Given records:
------------------------------------------------------------

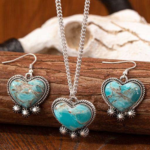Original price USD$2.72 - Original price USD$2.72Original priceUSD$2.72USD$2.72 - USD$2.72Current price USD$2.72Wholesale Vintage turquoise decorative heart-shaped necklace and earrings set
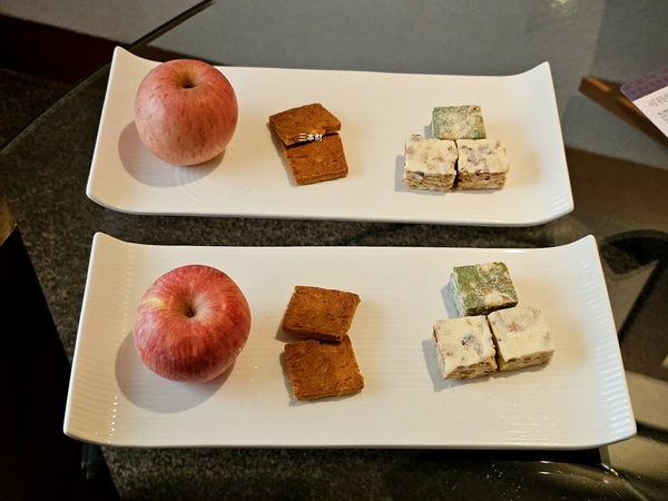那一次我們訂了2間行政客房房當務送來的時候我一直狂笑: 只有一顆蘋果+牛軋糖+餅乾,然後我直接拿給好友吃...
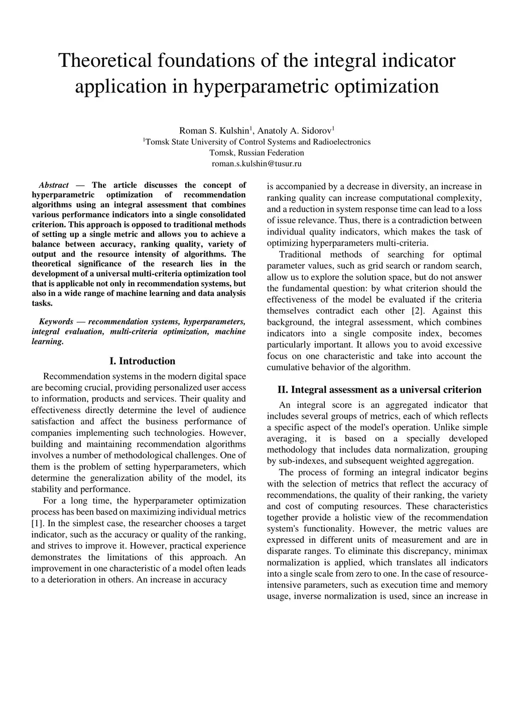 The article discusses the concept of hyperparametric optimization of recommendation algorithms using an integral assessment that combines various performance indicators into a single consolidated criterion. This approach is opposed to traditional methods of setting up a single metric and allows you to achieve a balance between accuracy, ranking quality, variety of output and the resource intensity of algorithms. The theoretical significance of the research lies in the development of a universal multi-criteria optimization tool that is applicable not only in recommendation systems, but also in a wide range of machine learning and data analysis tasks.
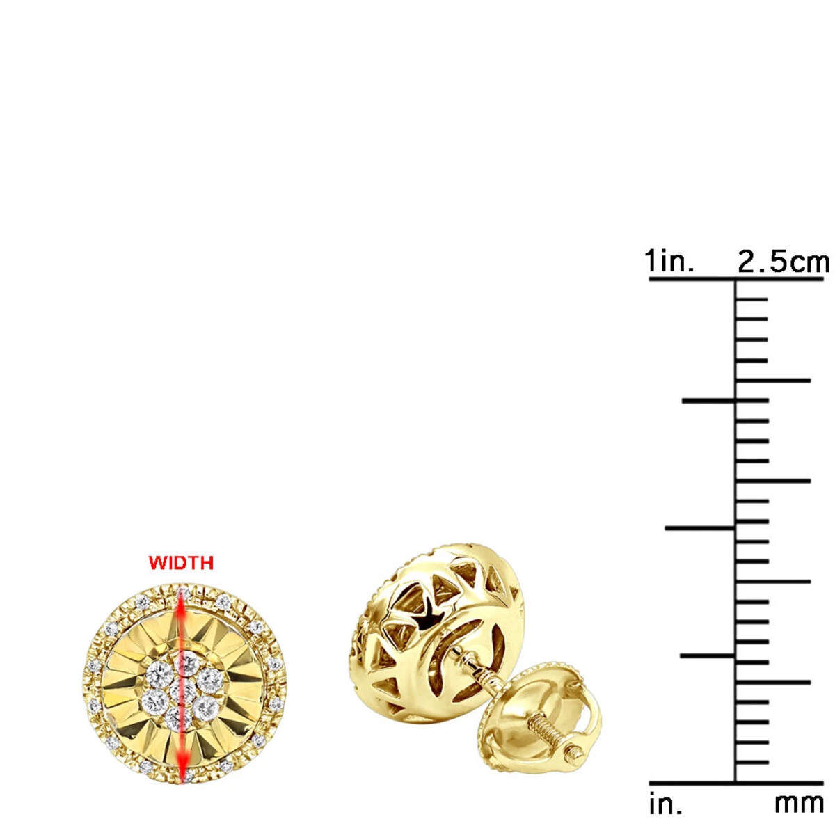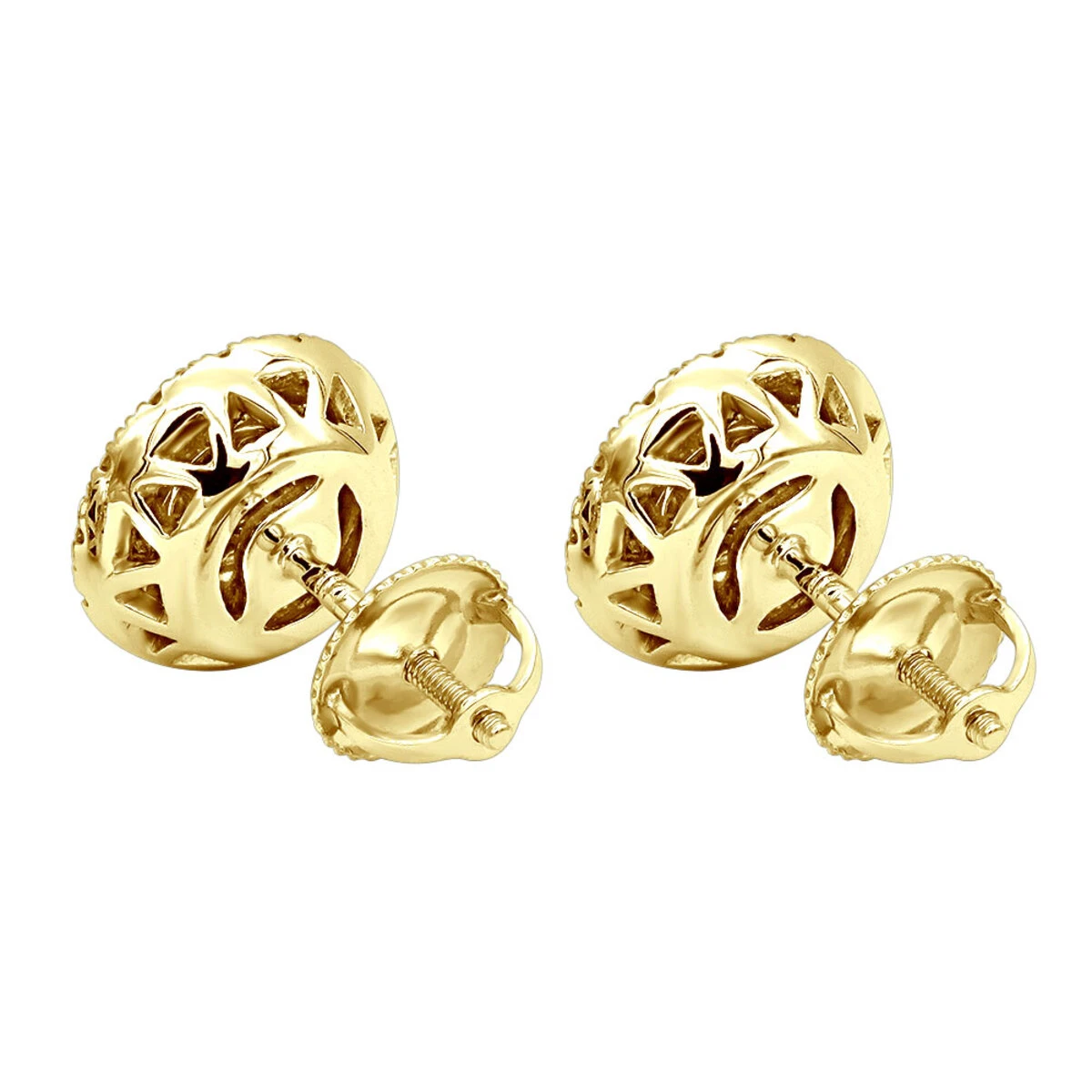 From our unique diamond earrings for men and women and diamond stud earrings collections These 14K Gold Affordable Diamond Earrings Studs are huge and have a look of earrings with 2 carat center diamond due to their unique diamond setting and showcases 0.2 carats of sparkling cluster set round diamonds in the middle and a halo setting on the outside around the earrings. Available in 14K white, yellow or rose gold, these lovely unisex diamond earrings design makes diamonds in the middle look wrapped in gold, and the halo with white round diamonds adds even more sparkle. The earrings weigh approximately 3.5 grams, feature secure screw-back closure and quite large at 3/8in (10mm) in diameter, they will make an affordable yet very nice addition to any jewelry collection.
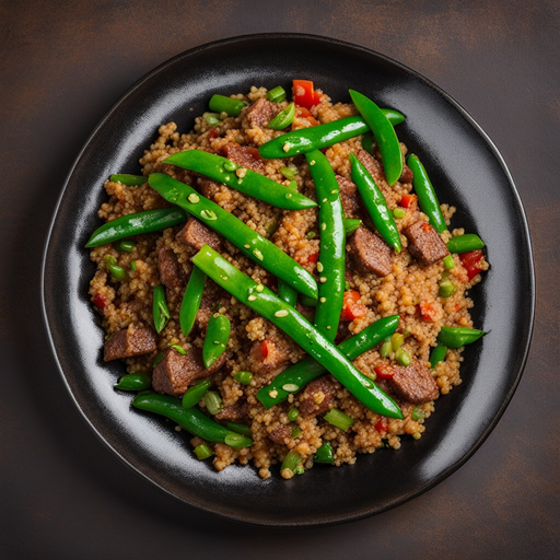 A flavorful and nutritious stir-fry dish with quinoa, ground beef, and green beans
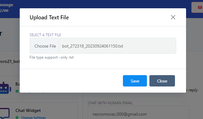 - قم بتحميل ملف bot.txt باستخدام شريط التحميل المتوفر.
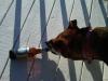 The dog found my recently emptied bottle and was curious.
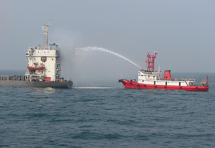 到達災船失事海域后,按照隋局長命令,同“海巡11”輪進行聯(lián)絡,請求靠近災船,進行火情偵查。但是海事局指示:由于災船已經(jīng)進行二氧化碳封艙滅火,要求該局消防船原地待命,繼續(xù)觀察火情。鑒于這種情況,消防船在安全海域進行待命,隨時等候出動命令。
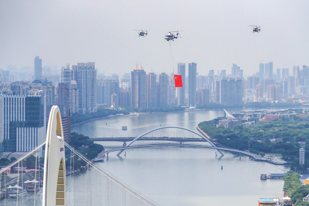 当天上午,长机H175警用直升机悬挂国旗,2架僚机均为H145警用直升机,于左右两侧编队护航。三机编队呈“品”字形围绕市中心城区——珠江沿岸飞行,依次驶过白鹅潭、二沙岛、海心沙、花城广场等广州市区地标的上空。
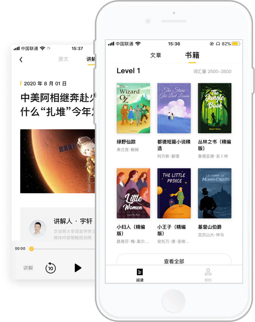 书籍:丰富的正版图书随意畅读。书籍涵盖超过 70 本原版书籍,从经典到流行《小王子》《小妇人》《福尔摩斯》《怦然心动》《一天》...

------------------------------------------------------------

Exercise requirements: Output, exactly as written, only the lines from the beginning of the listing through the line containing "那一次我們訂了2間行政客房房", both included, and no pictures.

Exercise answer:
Original price USD$2.72 - Original price USD$2.72Original priceUSD$2.72USD$2.72 - USD$2.72Current price USD$2.72Wholesale Vintage turquoise decorative heart-shaped necklace and earrings set
那一次我們訂了2間行政客房房當務送來的時候我一直狂笑: 只有一顆蘋果+牛軋糖+餅乾,然後我直接拿給好友吃...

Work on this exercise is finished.